SQL UNION constructs must match up possibly dissimilar types to become a single result set. The resolution algorithm is applied separately to each output column of a union query. The INTERSECT and EXCEPT constructs resolve dissimilar types in the same way as UNION. A CASE construct also uses the identical algorithm to match up its component expressions and select a result data type.
UNION and CASE Type Resolution
If all inputs are of type unknown, resolve as type text (the preferred type for string category).
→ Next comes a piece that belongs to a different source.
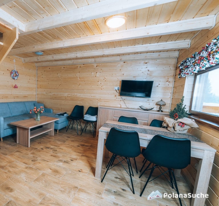 Pragniemy Was zaprosić do odkrycia niepowtarzalnego uroku naturalnych, drewnianych wnętrz naszych domków. Każdy z nich został zaprojektowany z dbałością o szczegóły, abyście mogli poczuć się jak w przytulnym górskim gnieździe. Wykorzystaliśmy drewno jako główny materiał wykończeniowy, co nadaje naszym domkom ciepły i autentyczny charakter. Drewniane ściany i sufit sprawiają, że atmosfera jest przyjazna i sprzyja relaksowi po intensywnym dniu na stoku.

Otherwise, ignore the unknown inputs while choosing the type.
If the non-unknown inputs are not all of the same type category, fail.
If one or more non-unknown inputs are of a preferred type in that category, resolve as that type.
Otherwise, resolve as the type of the first non-unknown input.
Coerce all inputs to the selected type.
Example 5-7. Underspecified Types in a Union
tgl=> SELECT text 'a' AS "Text" UNION SELECT 'b'; Text ------ a b (2 rows)
Here, the unknown-type literal 'b' will be resolved as type text.
Example 5-8. Type Conversion in a Simple Union
tgl=> SELECT 1.2 AS "Double" UNION SELECT 1; Double -------- 1 1.2 (2 rows)
The literal 1.2 is of type double precision, the preferred type in the numeric category, so that type is used.
Example 5-9. Type Conversion in a Transposed Union
Here the output type of the union is forced to match the type of the first clause in the union:
tgl=> SELECT 1 AS "All integers" tgl-> UNION SELECT CAST('2.2' AS REAL); All integers -------------- 1 2 (2 rows)
Since REAL is not a preferred type, the parser sees no reason to select it over INTEGER (which is what the 1 is), and instead falls back on the use-the-first-alternative rule. This example demonstrates that the preferred-type mechanism doesn't encode as much information as we'd like. Future versions of PostgreSQL may support a more general notion of type preferences.